Big Data Storage and Processing

Integrated course, 5.00 ECTS


Course content

Introduction and basic concepts of big data, cloud computing, hybrid IT infrastructures and As-A-Service models; Design and setup of complex cloud-based service architectures and integration of existing IT systems to provide a holistic analysis service; Requirement-based scaling of storage and computing capacity; Storing and analyze petabytes and trillions of objects using cloud-based Data Lake stores (Azure Data Lake, etc.); Parallel Data Transformation and Processing with Big Data Processing Languages ??(U-SQL); Developement of U-SQL scripts using Data Lake tools; Highly Scalable Big Data Analytics with Cloud-Based Business Analytics Services (Azure Data Lake Analytics, HDInsight, etc.); Big Data Frameworks (Hadoop) and Distributed File Systems (HDFS). Integrated and end-to-end identity and access management to provide single sign-on (SSO), multi-factor authentication, and seamless centralized management of participating digital identities (Azure Active Directory, etc.)

Learning outcomes

Students have in-depth knowledge of requirement-based planning and the implementation of cloud-based service architectures for storing, processing and analyzing big data, regardless of the size, format, structure or speed of the data.
Students understand the relevance and context of hybrid cloud service architectures in order to deliver highly scalable, cost-effective and secure business analytics platforms. They know all necessary features for developers, data scientists, and analysts to store and process highly diverse, complex data of all sizes. In addition, they can efficiently utilize the benefits of business agility and the on-going scaling of cloud-based analytics services.
Students are able to design and implement the required service architectures and their interfaces holistically and according to requirements. They have an end-to-end understanding of the different distributed data storages, as well as high-level parallel data transformation and processing, to quickly gain valuable information from complex data.

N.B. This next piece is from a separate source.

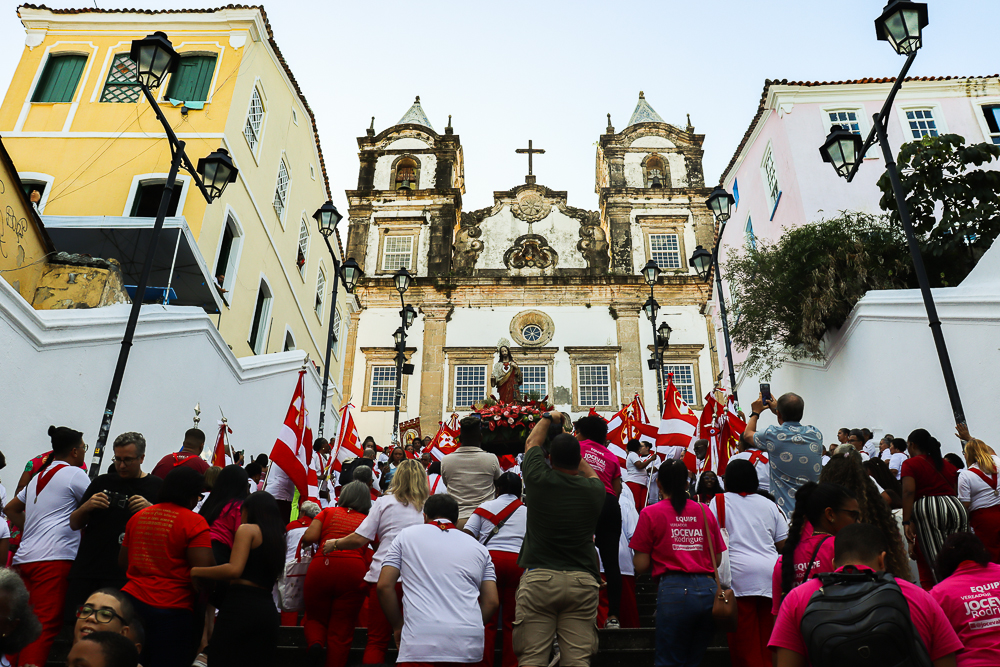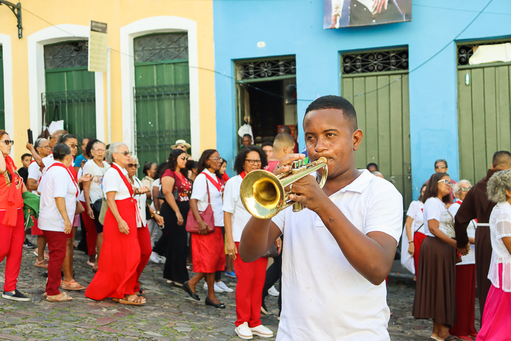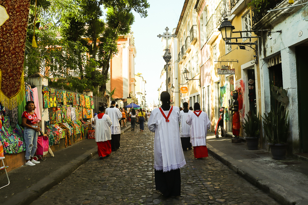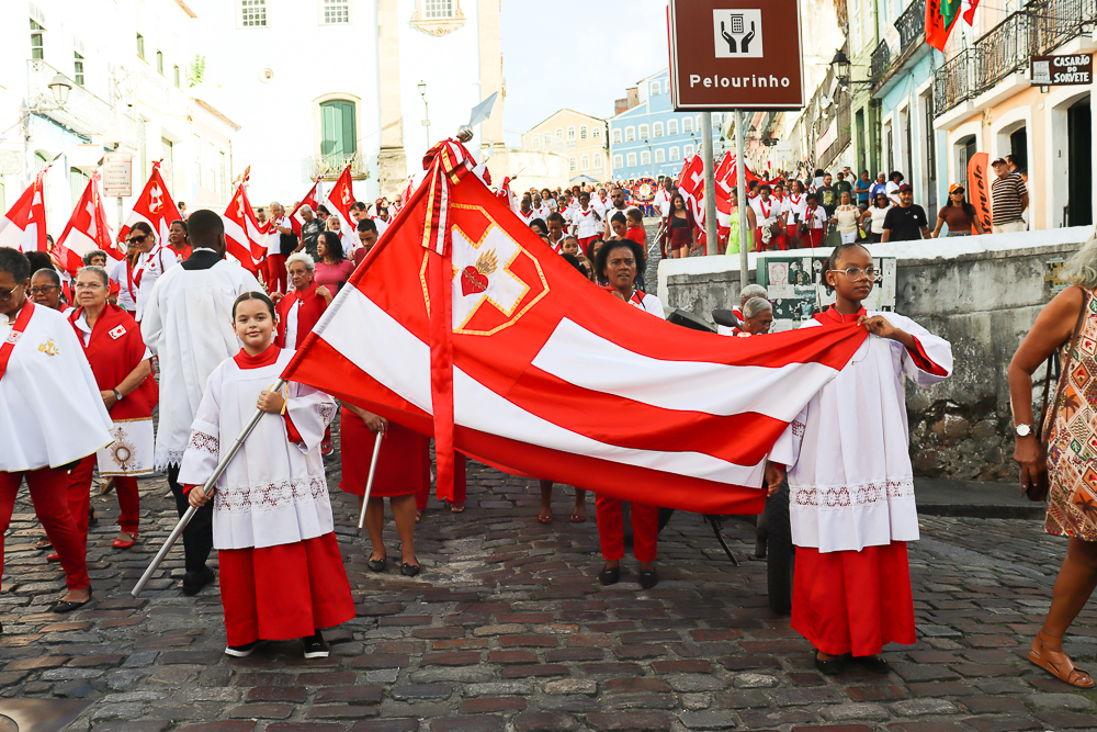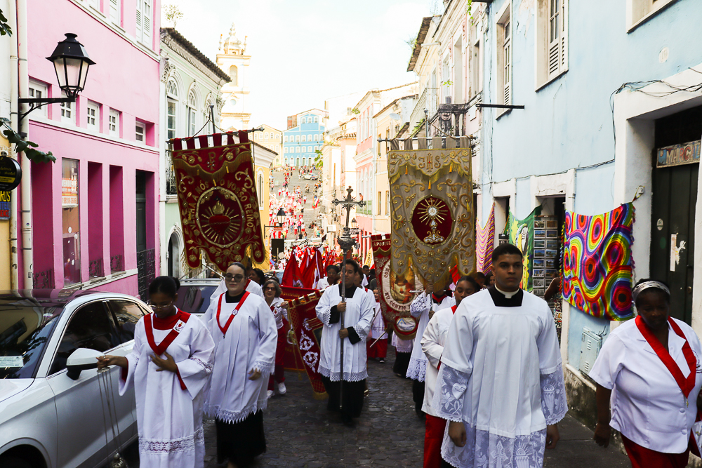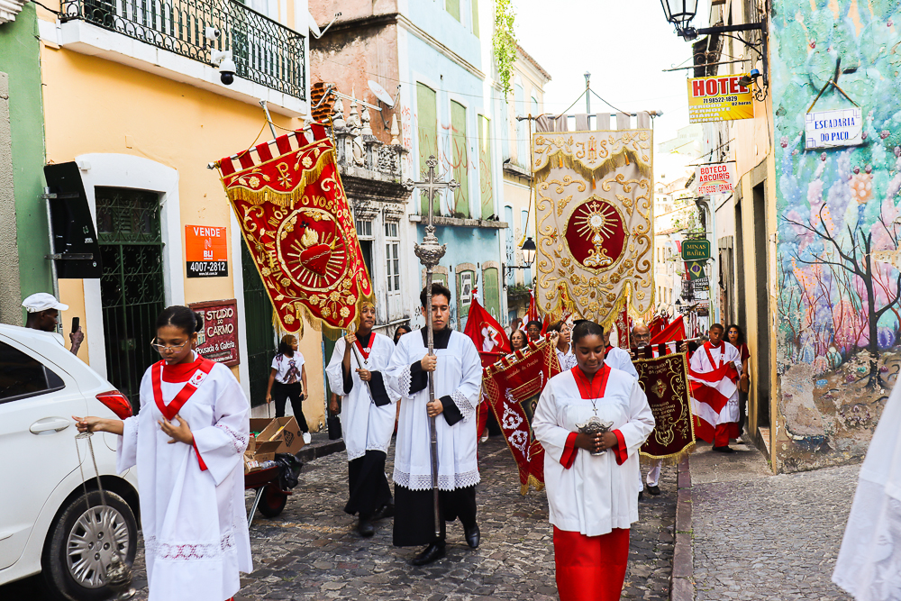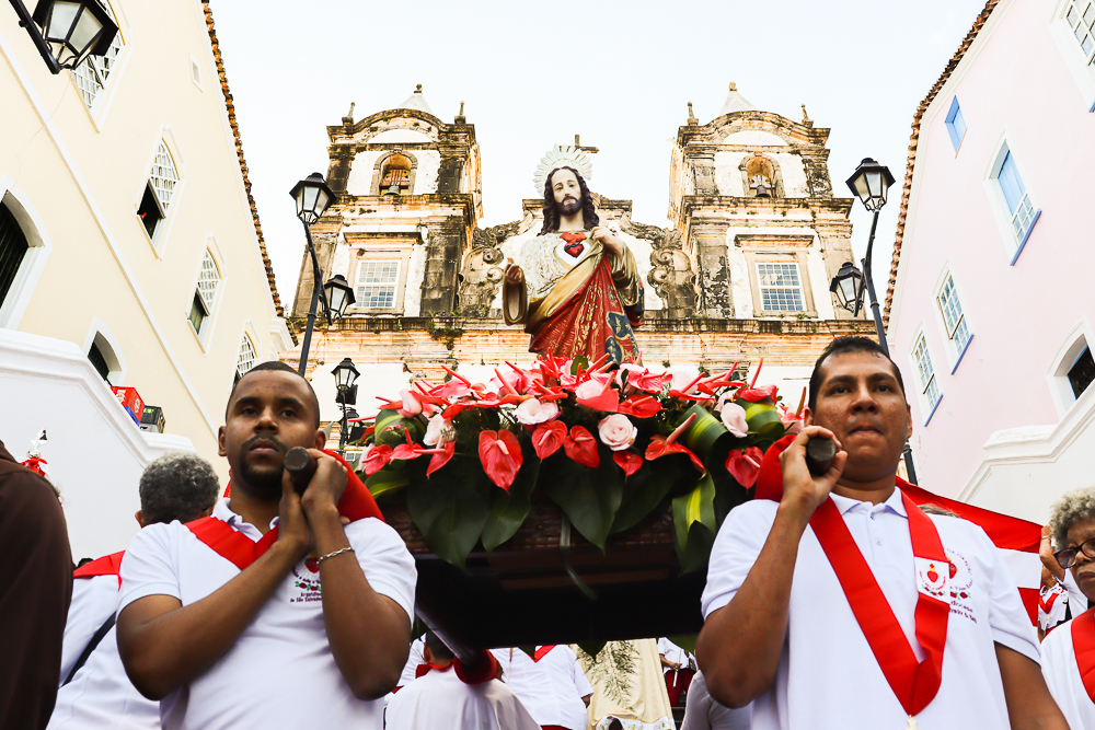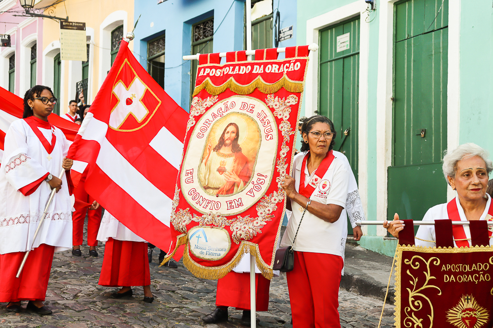Com a imagem do Sagrado Coração de Jesus sobre um andor, membros do Apostolado da Oração (AO) e do Movimento Eucarístico Jovem (MEJ) realizaram uma emocionante procissão pelas ruas do Centro Histórico de Salvador, no último sábado, 27 de julho. Acompanhados por uma fanfarra, homens, mulheres, jovens e crianças saíram, às 15h, da Igreja São Pedro dos Clérigos e seguiram até a Igreja Santíssimo Sacramento da Rua do Passo – sede da Rede Mundial de Oração pelo Papa, na capital baiana. Esta programação, que foi precedida de novena (de 17 a 25 de julho), fez parte da Festa do Santíssimo Sacramento e do Sagrado Coração de Jesus.

Recommended or required reading and other learning resources / tools

Books: N. Marz and J. Warren, Big Data - Principles and best practices of scaleable real-time data systems, Shelter Island - New York: Manning Publications Co., 2015. T. White, Hadoop - The Definite Guide (4th edition), Sebastopol, California: O’Reilly Media, Inc., 2015. Z. Tejada, Mastering Azure Analytics. Architecting in the Cloud with Azure Data Lake, HDInsight, and Spark. Sebastopol CA: O`Reilly Media Inc., 2017.
Journals: various articles and online documentaries

Mode of delivery

2 THW Lecture, 2 THW Tutorial

Prerequisites and co-requisites

IT infrastructure and basics

Assessment methods and criteria

Lecture: final exam, Tutorial: continuous appraisal